Use local resources when validating XML
Depending of you enterprise security policy, some – if not most of your middleware servers have no access to Internet. It’s even worse when your development infrastructure is isolated from the Internet (such as banks or security companies). In this case, validating your XML against schemas becomes a real nightmare.
Of course, you could set the XML schema location to a location on your hard drive. But about about your co-workers then? They would have to have the schema in exactly the same filesystem hierarchy, and that wouldn’t solve your problem about the production environment…
XML catalogs are the nominal solution for your quandary. In effect, you plug in a resolver that knows how to map an online location to a location on your filesystem (or more precisely a location to another one). This resolver is set through the
xml.catalog.files system property that may be different for each developer or in the production environment:
<catalog xmlns="urn:oasis:names:tc:entity:xmlns:xml:catalog"> <system systemId="http://blog.frankel.ch/xmlcatalog/person.xsd" uri="person.xsd" /> <system systemId="http://blog.frankel.ch/xmlcatalog/order.xsd" uri="order.xsd" /> </catalog>
Now, when validation happens, instead of looking up the online schema URL location, it looks up the local schema.
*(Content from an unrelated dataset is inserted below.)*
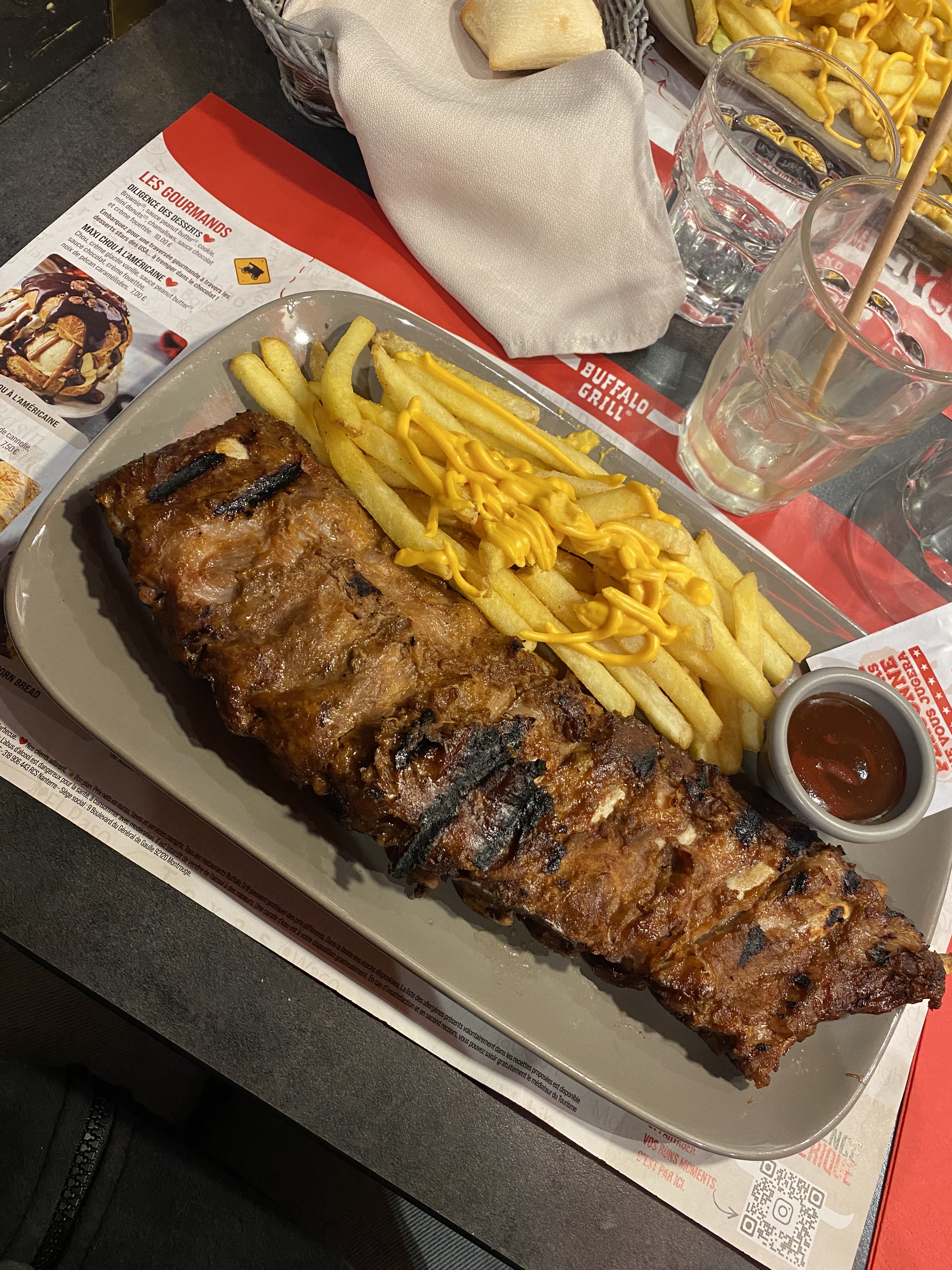 Très déçu, fini le restau conviviale familiale. Obligé de commander sur le téléphone une fois a table ! Service très long , La salade d'accueil ne rythme plus a rien. La quantité a était divisé de plus de moitié. Les ribs était tout juste cuit ... Mais le goût ( saveur caramélisées reste la même ) n'a pas changer . Pour payer .... Personne au contoire pendant plus de 30 minutes.... Nous sommes honnête et avons attendu pour régler. Mais certain n'en font pas de même .... Vraiment déçu.
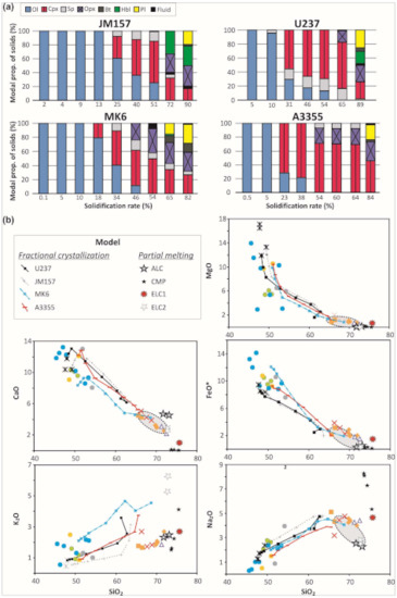 The four selected parental magmas start the crystallization of Ol at temperatures between 1190 and 1260 °C. Ol is the only phase present until 10–13% solidification, and is followed by the crystallization of Sp and Cpx between 10 and 50% solidification. Opx appears at different steps depending on the sample, as early as at 46% in MK6 and 54% in A3355, and later than >65% in JM157 and U237 (Figure 12a). Hydrous phases such as Hbl and Bt crystallize only after >65% crystallization. In particular, for sample JM157, Hbl is a significant phase reaching proportions between 28 and 32 modal%. Similarly, in U237, the amount of Hbl in the final steps of crystallization may reach 17 modal%. In contrast, MK6 contains only a few percent Hbl (2.5 modal%), and A3355 does not crystallize amphibole. Pl appears as early as at 65% of crystallization (MK6), but usually at >84% solidification. Simulations ended at temperatures between 820–850 °C.

XML catalogs can be used with JAXP, either SAX, DOM or STaX. The following details the code how to use them with SAX.
SAXParserFactory factory = SAXParserFactory.newInstance(); factory.setNamespaceAware(true); factory.setValidating(true); XMLReader reader = factory.newSAXParser().getXMLReader(); // Set XSD as the schema language reader.setProperty("http://java.sun.com/xml/jaxp/properties/schemaLanguage", "http://www.w3.org/2001/XMLSchema"); // Use XML catalogs reader.setEntityResolver(new CatalogResolver()); InputStream stream = getClass().getClassLoader().getResourceAsStream("person.xml"); reader.parse(new InputSource(stream));
Two lines are important:
- In line 13, we tell the reader to use XML catalogs
- But line 7 is almost as important: we absolutely have to use the reader, not the SAX parser to parse the XML or validation will be done online!
There are basically two use cases for XML catalogs:
- As seen above, the first use-case is to validate XML files against cached local schemas files
- In addition to that, XML catalogs can also be used as an alternative to
LSResourceResolver(as seen previously in XML validation with imported/included schemas)
CatalogResolver class is available in the JDK in an internal
com.sun package, but the Apache XML resolver library does the job. In fact, the internal class is just a repackaging of the Apache one.
If you use Maven, the dependency is the following:
<dependency> <groupId>xml-resolver</groupId> <artifactId>xml-resolver</artifactId> <version>1.2</version> </dependency>
Catalog are a file-system based standard way to map an online schema location.
However, this isn’t always the best strategy to choose from. For example, Spring provides its different schemas inside JARs, along classes and validation is done against those schemas.
In order to do the same, replace line 13 in the code above, and instead of a
CatalogResolver, use your own implementation of EntityResolver.
You can find the source for this article here (note that associated tests use a custom security policy file to prevent network access, and if you want to test directly inside your IDE, you should reuse the system properties used inside the POM).